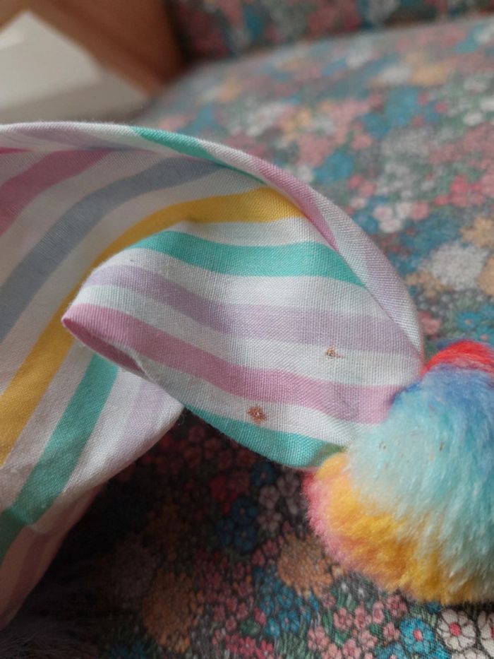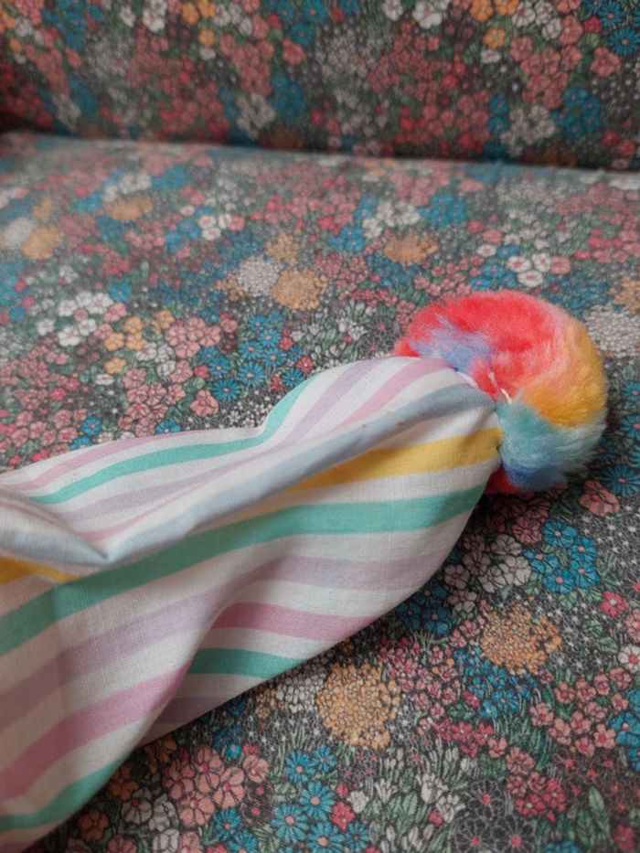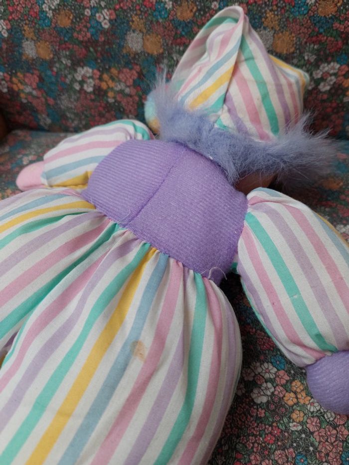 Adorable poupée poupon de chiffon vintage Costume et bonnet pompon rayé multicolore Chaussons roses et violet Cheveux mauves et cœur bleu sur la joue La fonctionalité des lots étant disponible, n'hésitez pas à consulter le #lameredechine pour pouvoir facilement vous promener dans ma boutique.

==

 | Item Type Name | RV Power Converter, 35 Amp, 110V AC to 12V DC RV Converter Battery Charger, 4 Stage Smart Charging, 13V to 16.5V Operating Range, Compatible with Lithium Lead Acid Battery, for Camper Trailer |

==

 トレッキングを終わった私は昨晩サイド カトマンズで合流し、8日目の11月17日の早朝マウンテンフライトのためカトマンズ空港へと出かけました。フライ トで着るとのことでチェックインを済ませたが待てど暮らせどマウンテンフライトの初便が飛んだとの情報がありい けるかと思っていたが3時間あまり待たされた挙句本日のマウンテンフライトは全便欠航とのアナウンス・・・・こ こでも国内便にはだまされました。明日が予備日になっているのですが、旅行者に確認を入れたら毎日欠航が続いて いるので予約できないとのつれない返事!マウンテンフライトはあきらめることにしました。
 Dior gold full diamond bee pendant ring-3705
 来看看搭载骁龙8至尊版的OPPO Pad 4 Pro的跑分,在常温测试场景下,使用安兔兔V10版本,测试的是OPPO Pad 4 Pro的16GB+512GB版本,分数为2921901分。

**Task brief**
What is needed is an exact copy of the lines above, from the one containing "Dior gold full diamond bee pendant ring-3705" through the one containing "来看看搭载骁龙8至尊版的OPPO Pad 4", with nothing added.

**Task solution**
 Dior gold full diamond bee pendant ring-3705
 来看看搭载骁龙8至尊版的OPPO Pad 4 Pro的跑分,在常温测试场景下,使用安兔兔V10版本,测试的是OPPO Pad 4 Pro的16GB+512GB版本,分数为2921901分。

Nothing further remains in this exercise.